§ WHAT TO WORK ON
Leave out the pictures and print precisely the lines from the line with "Women's Round Neck" to the final line of the entries, both ends included.

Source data
= Beginning of Section =
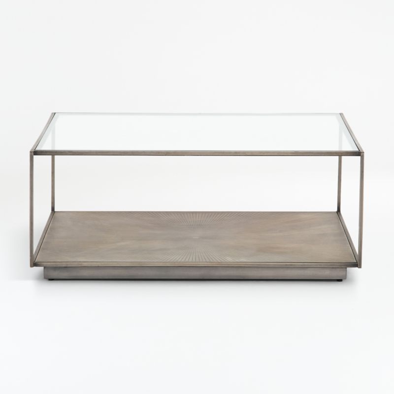 Our Array coffee table evokes the dreamy opulence of Hollywood Regency style. Retro-inspired yet totally of the moment, the glass-topped table gives a clear view of the lower shelf etched with a starburst of lines and finished in vintage brass. Designed as a scaled-up shadowbox with a chic plinth base, the coffee table invites displays of prized possessions with an open frame of nickel-finished iron.
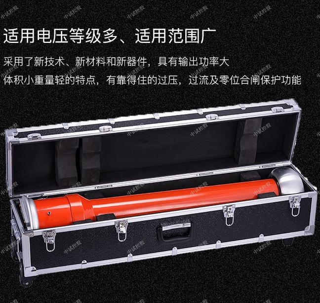 6.4.4 对于氧化锌避雷器等小电容试品,试验完后一般通过机内测压电阻放电,时间很快。而对电缆等大电容试品,试验完后一般要待试品电压自放电至试验电压的20%以下,再通过配套的放电棒进行放电,待试品充分放电后挂好接地线,才允许进行高压引线的拆除和更换接线的工作。
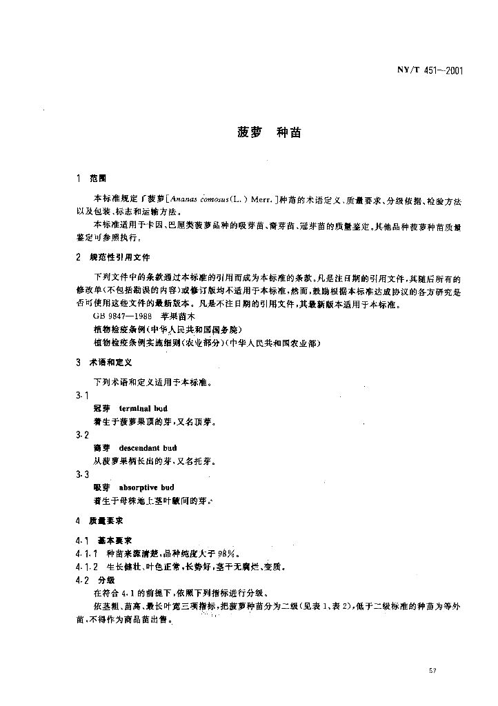 NY/T 451-2001 菠萝种苗
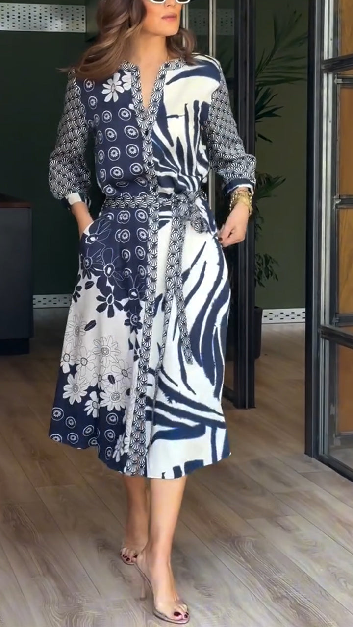 Women's Round Neck Printed Slit Casual Dress💞
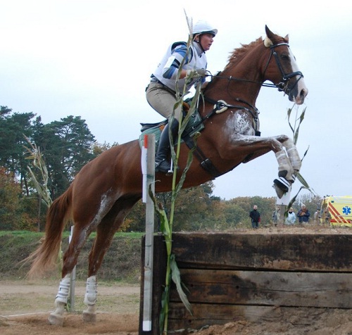 Loni na posledních závodech doma… Po drezuře jsme byli na krásném 3. místě, cross jsme šli čistě, na parkuru také až do posledního, osudného oxeru s bazénkem, kdy už jsem se viděla v cíli, předklonila se a Zonďa se na mě vyprd… 🙂
= End of Section =
§ COMPLETED EXERCISE
 Women's Round Neck Printed Slit Casual Dress💞
 Loni na posledních závodech doma… Po drezuře jsme byli na krásném 3. místě, cross jsme šli čistě, na parkuru také až do posledního, osudného oxeru s bazénkem, kdy už jsem se viděla v cíli, předklonila se a Zonďa se na mě vyprd… 🙂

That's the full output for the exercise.